Atherosclerosis is a pathological process strongly correlated with metabolic disorders of lipid oxidation stress [1]. Its consequent inflammatory alterations on the endothelium could lead to coronary artery disease (CAD), including stable and acute coronary syndrome. Risk factors associated with the initiation and the propagation of the atherosclerotic process have been identified as a result of the intense investigation over the last decades in this scientific field. Apart from traditional risk factors, such as age, sex, race, smoking, LDL and HDL cholesterol, systolic blood pressure, family history of premature myocardial infarction, diabetes mellitus and triglycerides, there are multiple studies integrating novel biomarkers, such as a genetic ones, cardiac troponin-T, high sensitivity C-reactive protein, apolipoprotein B/ apolipoprotein A-1 ratio, homocysteine or coronary artery calcium in CAD risk stratification [2, 3].
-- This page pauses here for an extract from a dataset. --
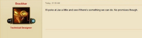 Brackhar说官方会注意一下贾克斯,看是否有可以改的东西,但不能保证一定会改。

However, despite the remarkable progress in diagnosing and treating CAD during the last decade, it remains the leading cause of morbidity and mortality worldwide [4], while prognostic prediction remains challenging in this cohort of patients. This could be attributed to a lack of effective diagnostic methods for CAD in its early stages, and a poor understanding of its pathophysiology. Thus, further studies are still warranted to increase our understanding of the complex pathophysiological mechanisms underlying CAD and to shed light on novel CAD risk parameters.
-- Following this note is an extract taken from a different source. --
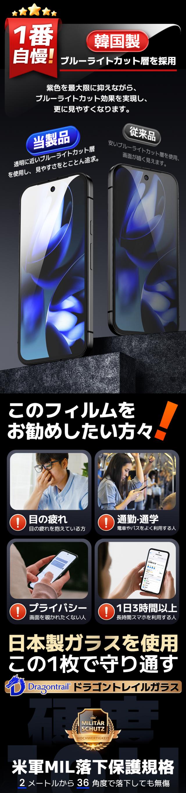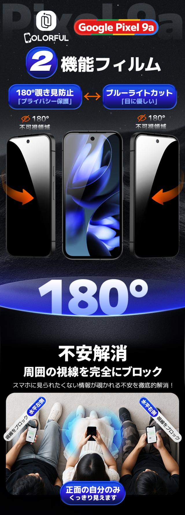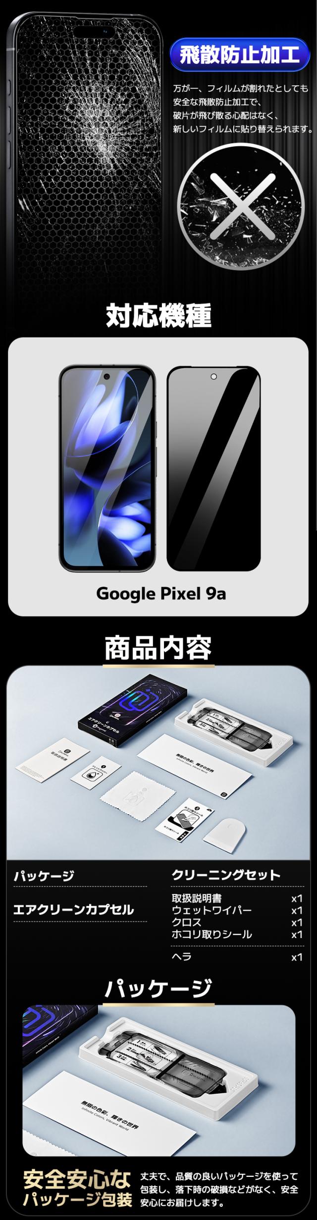 【 ブルーライトカット + 覗き見防止 】 Google Pixel9a 覗き見防止 ガラスフィルム グーグル Pixel 9a フィルム Google Pixel9a 除き見防止 保護フィルム 液晶フィルム プライバシー 保護 日本製旭硝子 米軍MIL規格 日本製旭硝子 硬度10H

Recently emerging scientific evidence supports that cardiac metabolism disturbances indicate high probability of cardiovascular disease [5]. Hence, metabolomics, one of the newest and most rapidly evolving omics techniques, could be employed as a targeted tool for determining cardiac metabolism perturbation [6, 7]. According to the American Heart Association, cardiovascular metabolomics is a promising field able to provide detailed metabolic profiling of biospecimens and investigate both the intrinsic and extrinsic factors that contribute to CAD risk [8]. More specifically, multiple studies revealed that various metabolites such as BCAAs (branched-chain amino acids), specific unsaturated lipid species [8], trimethylamine-N-oxide [9], choline [10, 11], cysteine, N-acetylalanine and theophylline [12] are linked with an advanced cardiometabolic risk profile derived through metabolomics-based analysis using Liquid Chromatography-Mass Spectrometry or Nuclear Magnetic Resonance Spectroscopy. Furthermore, there are also data suggesting that other already established biochemical markers, such as cholesterol and triglycerides, have been strongly associated with CAD pathogenesis [6]. Therefore, their clinical importance in prediction and risk stratification of cardiovascular events should be thoroughly evaluated.

The rationale of this real-world observational study is by measuring metabolic profiles to expand our knowledge on the biochemical process of atherogenesis and to identify clinically significant metabolic biomarkers associated with the pathogenesis and the prognosis of CAD. Previous studies have already been conducted trying to establish potential correlations between metabolic profiling and CAD [11,12,13,14]. However, to the best of our knowledge, this is the first study aiming to associate the severity and the complexity of CAD, as assessed by the SYNTAX score [15] with patients’ metabolic profile. This study's ultimate goal is to suggest a clinical tool of personalized medicine based on the patients' metabolic fingerprint to distinguish the patients at high risk for adverse cardiovascular events.

Methods

Study design and population

CORLIPID (ClinicalTrials.gov Identifier: NCT04580173) is an investigator-initiated, prospective, non-interventional cohort trial involving patients undergoing coronary angiography.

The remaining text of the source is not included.